Delete, no, this is a major misunderstanding. I said that if he moves, then as soon as he STOPS moving I take the pressure away. Pressure stays on as he moves and then when he does what I want the pressure stops. Horse training 101, so yes we're on the same page.

I would have thought that having the fly mask on for so many days that he would just eventually get used to it but that is not the case. He has gotten a LOT better with his left ear so I do not think that it is for any other reason than it has become a habit. He does not even jerk his head when sliding his halter off over his ears anymore like he used to. It was just never identified as a problem and worked with.

The owner does not have a lot of time to spend so I am talking about a horse who not only wasn't really touched until he was 6-8 months old but even now he doesn't get worked with a lot. He is good with many things because of his natural demeanor but he definitely has holes in his ground training. He doesn't accept sprays of any kind either very well. Although while everyone else had him freaking out and running in circles while trying to spray him, I got him to where I could stand there spraying his face and he was still as a statue and enjoying it. The owner was shocked. Well, it's all in how you communicate with the horse and how you approach the situation.

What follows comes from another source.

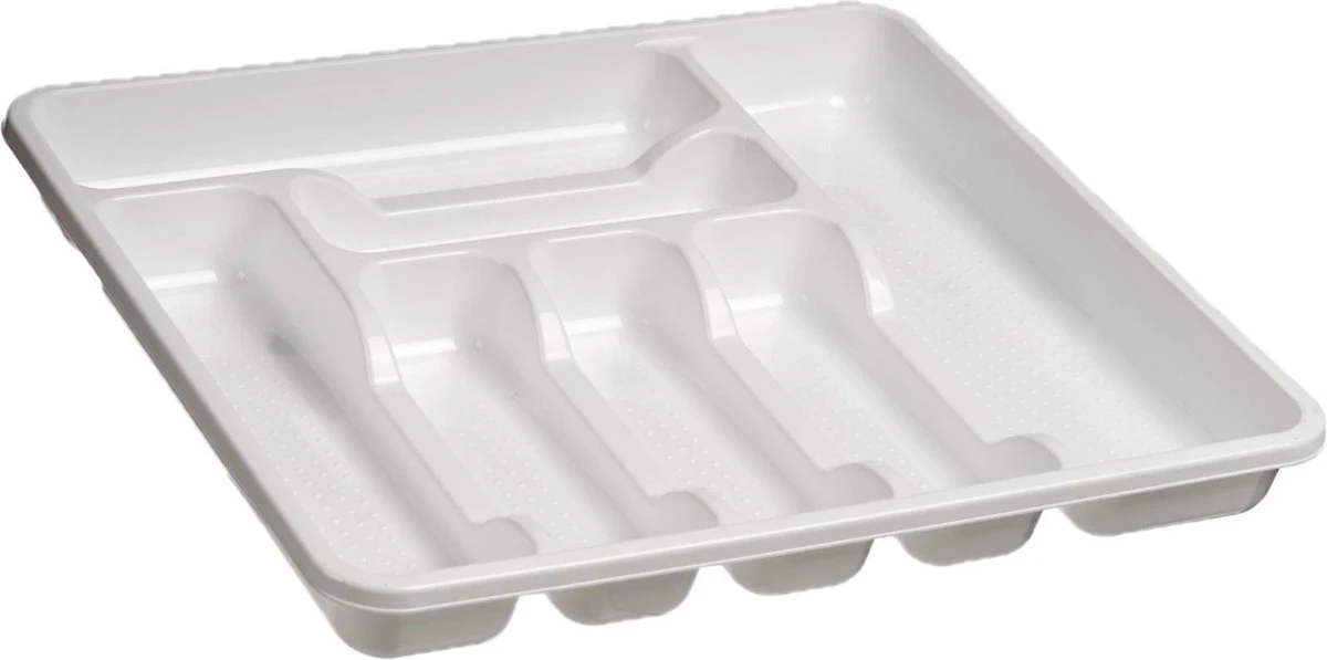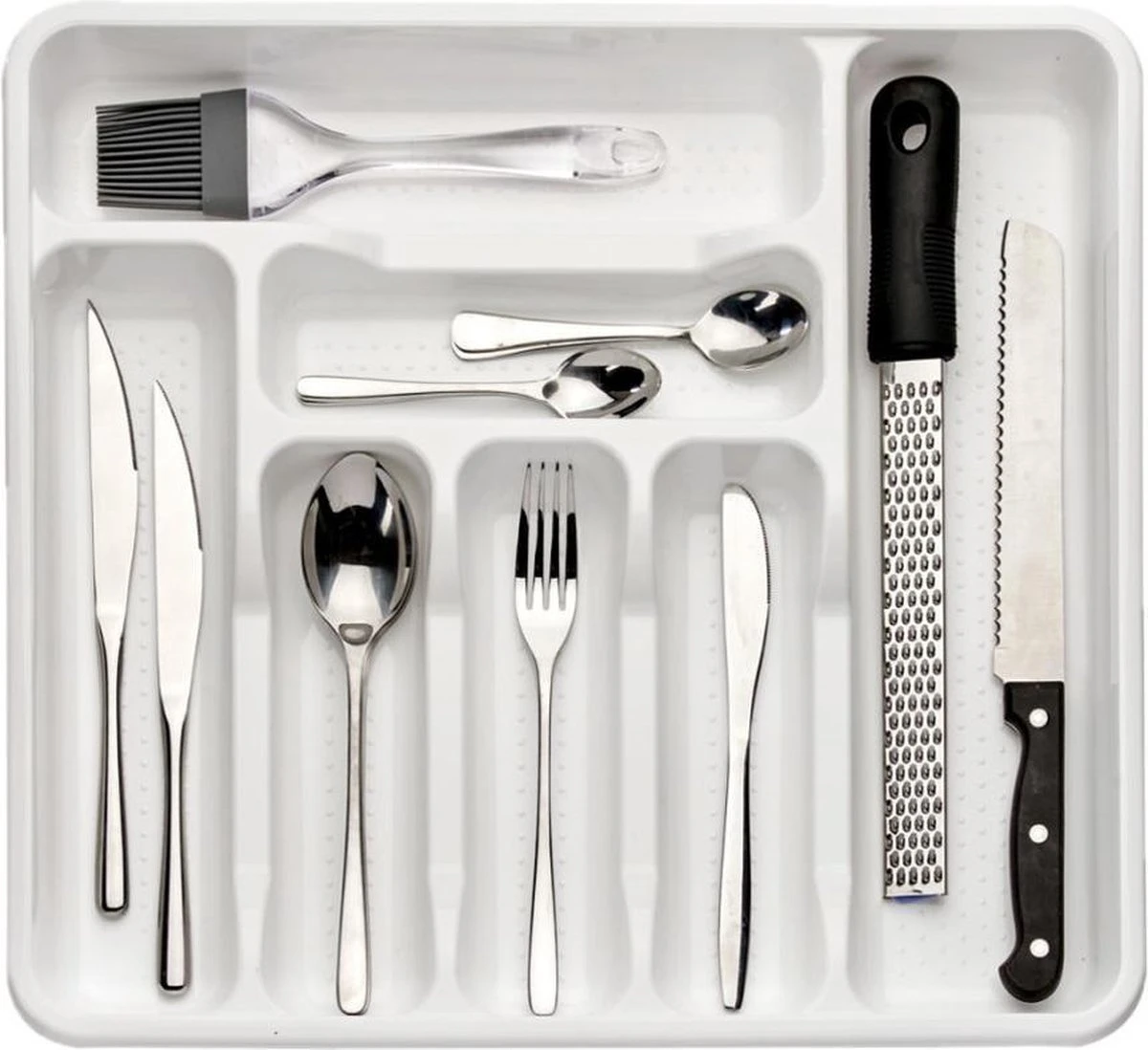 Bestekbak/bestekhouder 7-vaks wit. Formaat: 42 x 39 x 4,5 cm. Materiaal: kunststof. Keukenlade/besteklade inzetbak.

I feel like pushing the horse to the end result (putting the fly mask completely on ONE time each day) when you can't even get it up to his ears comfortably, then he needs to be worked with more before skipping all the steps just to get him to wear it. More on/off/on/off and actually teaching him to accept it. I've learned my lessons about skipping steps. You get major holes in the training and a lot of times it blows up in your face when the horse decides to escalate its resistance.
_Posted via Mobile Device_


----------



## jaydee (May 10, 2012)

While I commend you for spending time with this horse in an effort to help - it isn't your horse or your problem and as long as he isn't being abused or neglected I don't think you should be worrying about it or doing anything with it unless asked too.
I've learnt from experience that giving advice unless its requested or is maybe going to prevent an accident and interfering with other peoples horses unless asked always leads to problems and bad feeling
I would also never spray a horses face with flyspray - these things all contain irritants - even the 'natural' ones and the risks of tiny particles getting into the eyes, mouth or up the nostrils is too great. Put some spray onto a sponge or a cloth and carefully wipe onto the face avoiding the eyes, mouth and nose.


----------



## PineMountDakota (Jan 4, 2010)

Jaydee it was water. Not fly spray  forgot to mention that. We didn't want to waste a bottle of fly spray practicing of course so we just used water for that session to get him used to sprays in general. I don't ever spray fly spray on a horse's face.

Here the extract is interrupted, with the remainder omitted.